Under a Chattel Mortgage the financier advances funds to the customer to purchase a vehicle, and the customer takes ownership of the vehicle (chattel) at the time of purchase.
The financier then takes a “mortgage” over the vehicle as security for the loan, by registering their interest over it with the PPSR.
Once the contract is completed, the security interest is removed giving the customer clear title to the vehicle.
Benefits of a Chattel Mortgage
- Flexible contract terms ranging from 12 to 60 months (one to five years)

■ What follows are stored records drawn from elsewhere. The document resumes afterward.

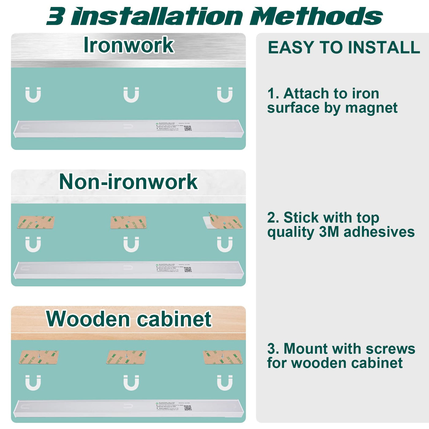 Q: What are the installation requirements for this motion sensor light?A: The installation of the Reoshine Under Cabinet Lighting is wireless and very simple. It comes with a built-in strong magnet and a 3M sticker, allowing you to attach it to any surface without the need for wires, tools, screws, or nuts.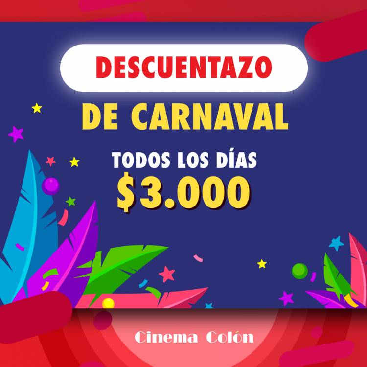 Esta semana Cinema Colon realiza un DESCUENTAZO DE CARNAVAL en el valor de las entradas en todas sus funciones, de todas las películas en cartelera.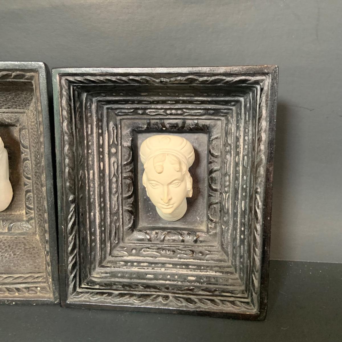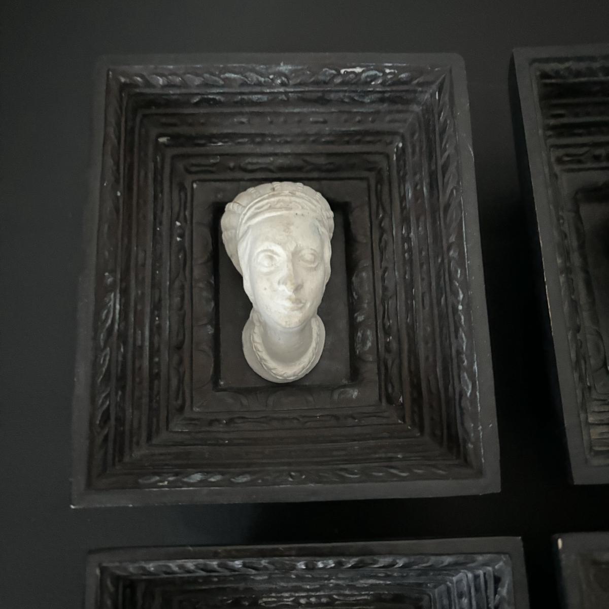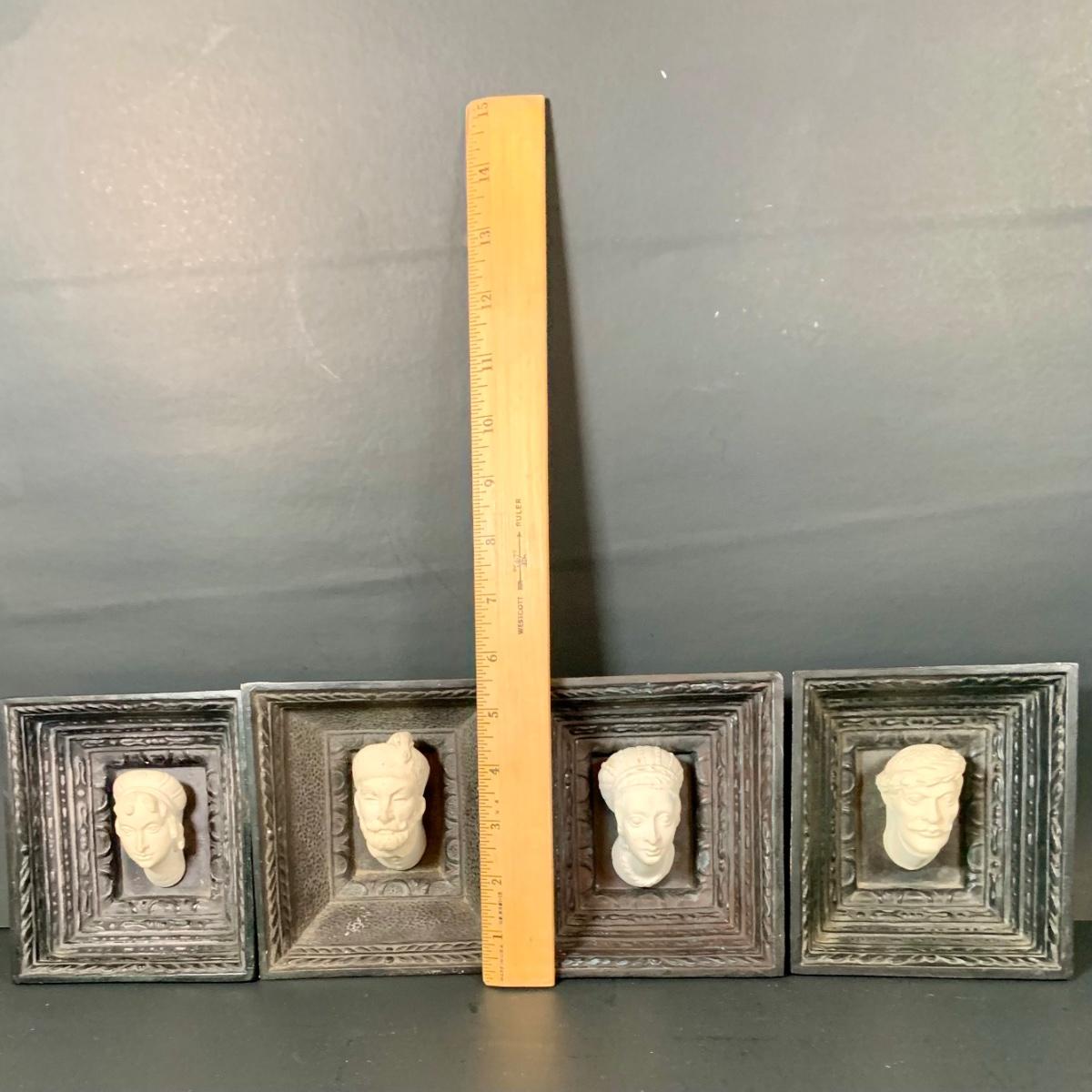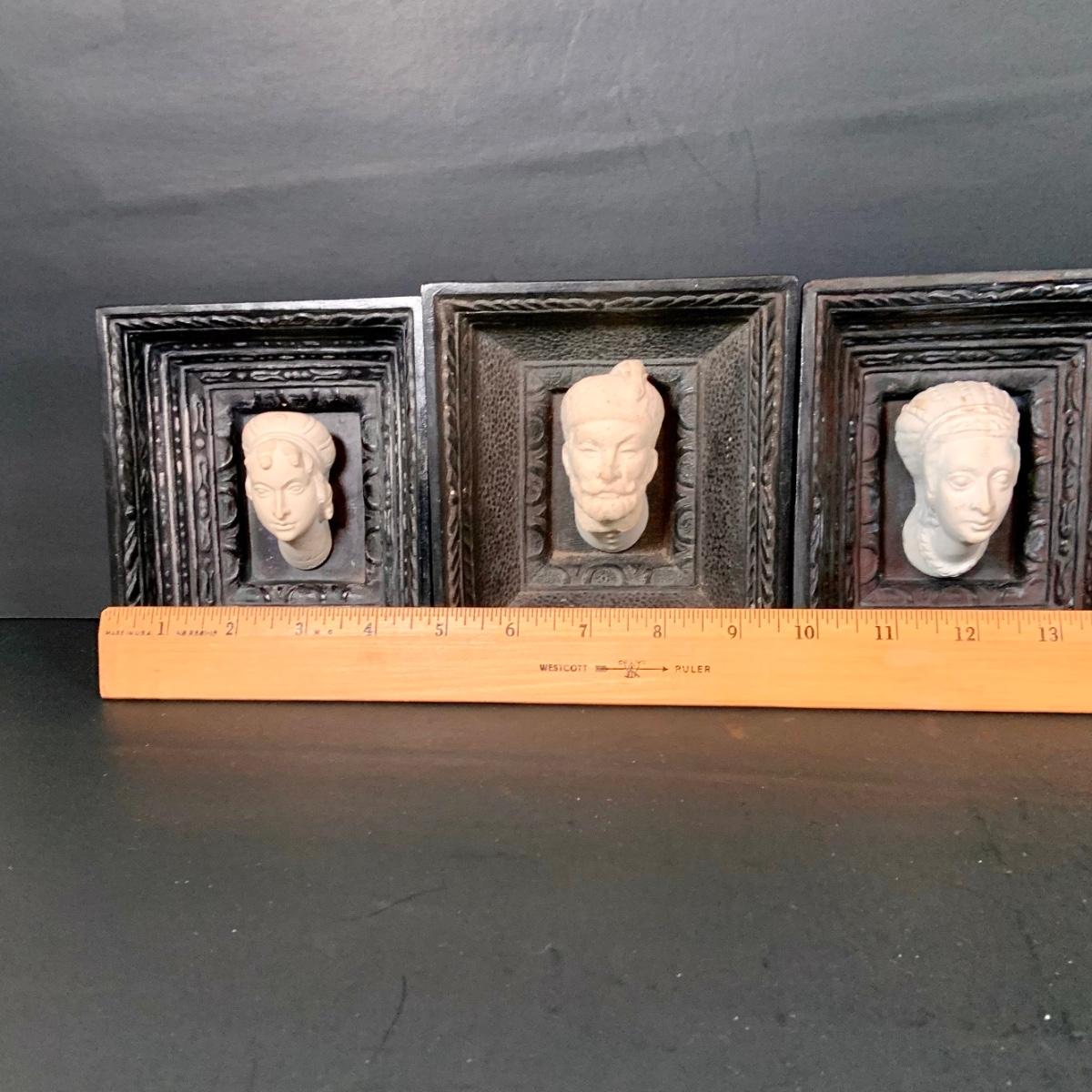 LOT:112: Collection of 4 Vintage Polish Framed Ceramic Busts - Some with Tags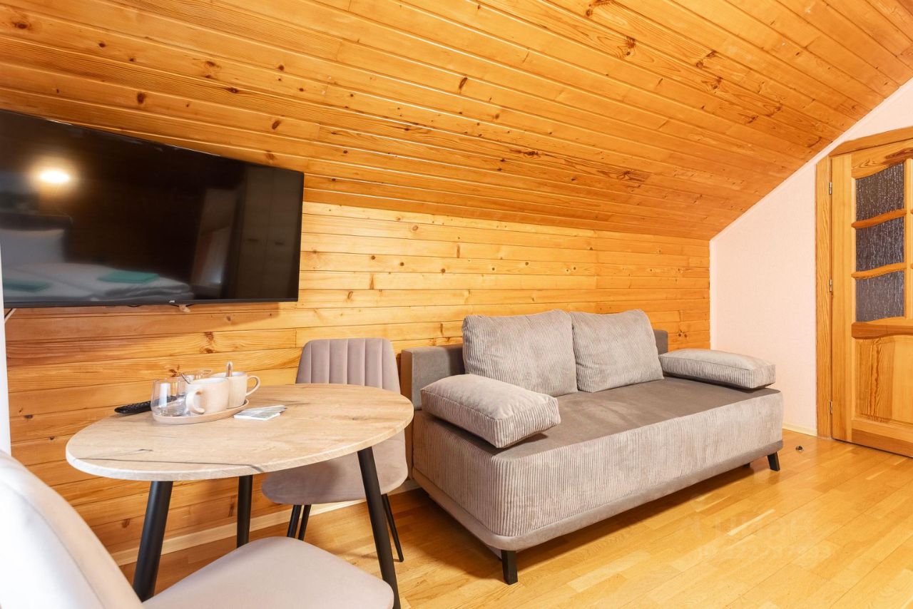Мансарда оснащена двуспальной кроватью 200*160 с ортопедическим матрасом, раскладным диваном и предназначены для размещения 4-х гостей с возможностью дополнительного предоставления комфортной раскладной кровати в количестве 1 шт. за доп. плату. В номере также предусмотрена ванная комната с душевой кабиной, феном и набором туалетных принадлежностей. Гости могут воспользоваться бесплатным Wi-Fi, телевизором. Для удобства имеется мини-холодильник и электрический чайник с набором для приготовления чая и кофе.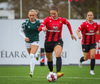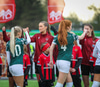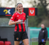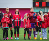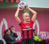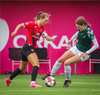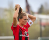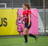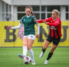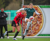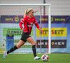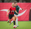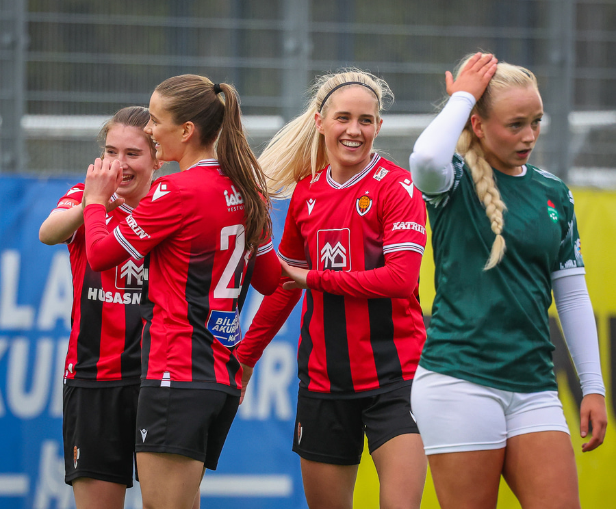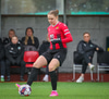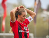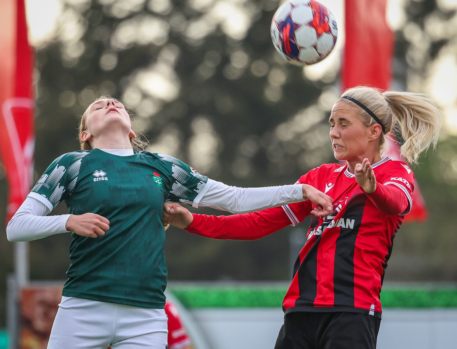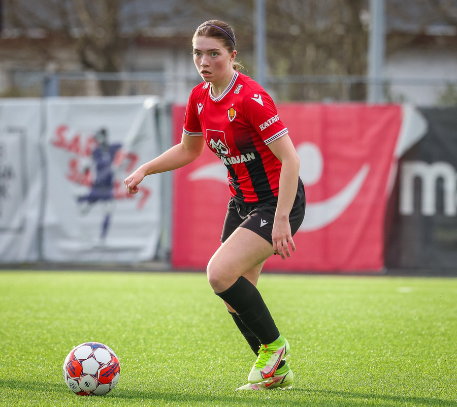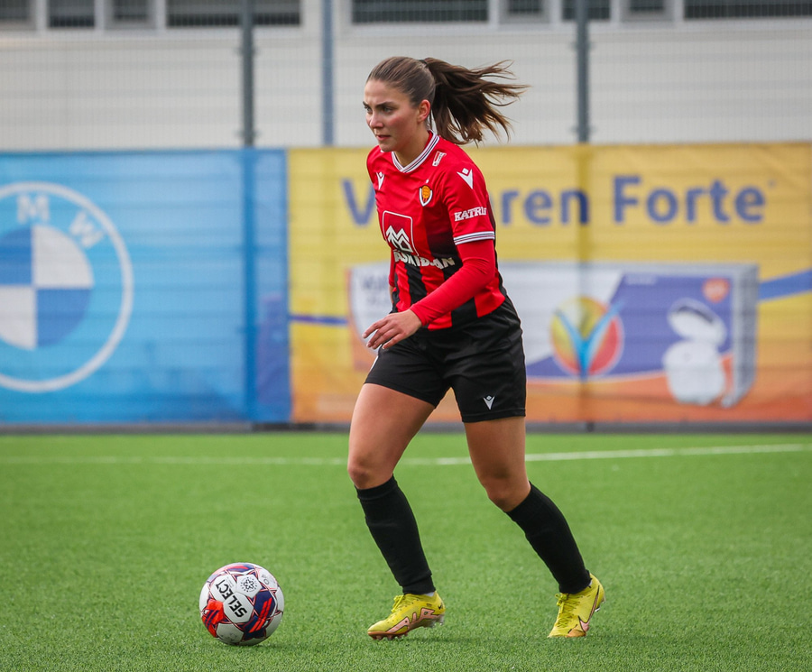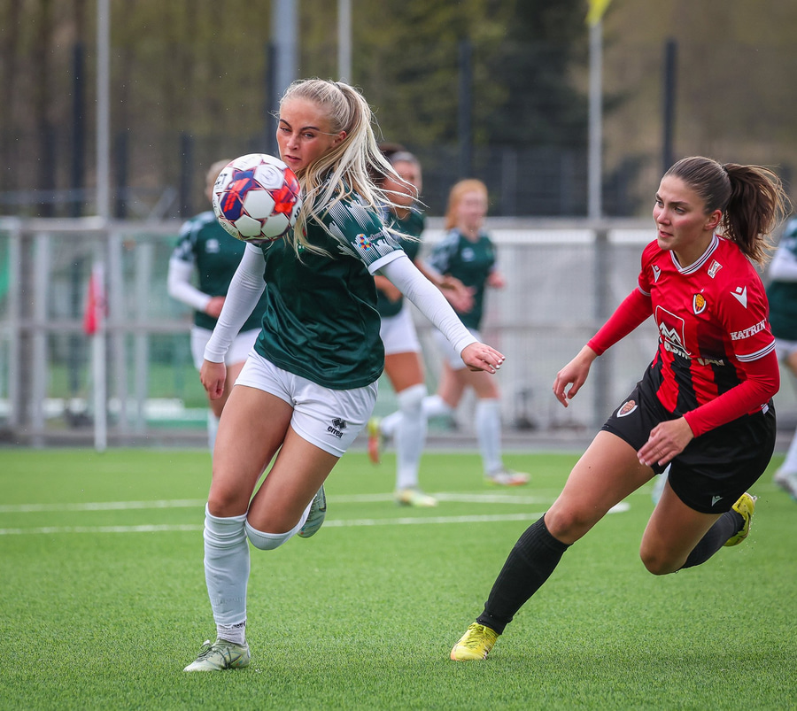 Herdís fær boltann í markinu og er lengi að losa sig við hann, Nadía vinnur boltann af henni en setur boltann framhjá. Herdís stálheppin!

- A residual value (balloon) can be applied to the contract enabling the monthly repayments to be tailored to a budget
- Fixed interest rates
- Monthly repayments are fixed
- Costs are known in advance
- Deposit (either cash or trade-in) may be used
- A tax deduction is available when the vehicle is used for business purposes
- A customer who is registered for GST can claim the GST contained in the vehicle price as an input credit on their next Business Activity Statement (BAS)
- No GST is charged on the monthly repayment or the contract balloon amount
- The finance is secured against the vehicle, allowing lower interest rates
Who Does a Chattel Mortgage Suit?
A Chattel Mortgage is suitable for those companies, partnerships and sole traders who use the cash method of accounting (they record business income and expenses as and when they occur) as it allows them to claim the GST in the vehicle’s price up-front.
Tax implications of a Chattel Mortgage
GST is charged in the purchase price of the vehicle but not the monthly rental or the contract balloon (final instalment).
Where the customer is registered for GST, they can claim some or all of the GST contained in the vehicle price as soon as they lodge their next BAS, rather than over the term of the loan.
Under a Chattel Mortgage the customer can claim the interest charges on the contract and depreciation up to the Depreciation Limit as a tax deduction.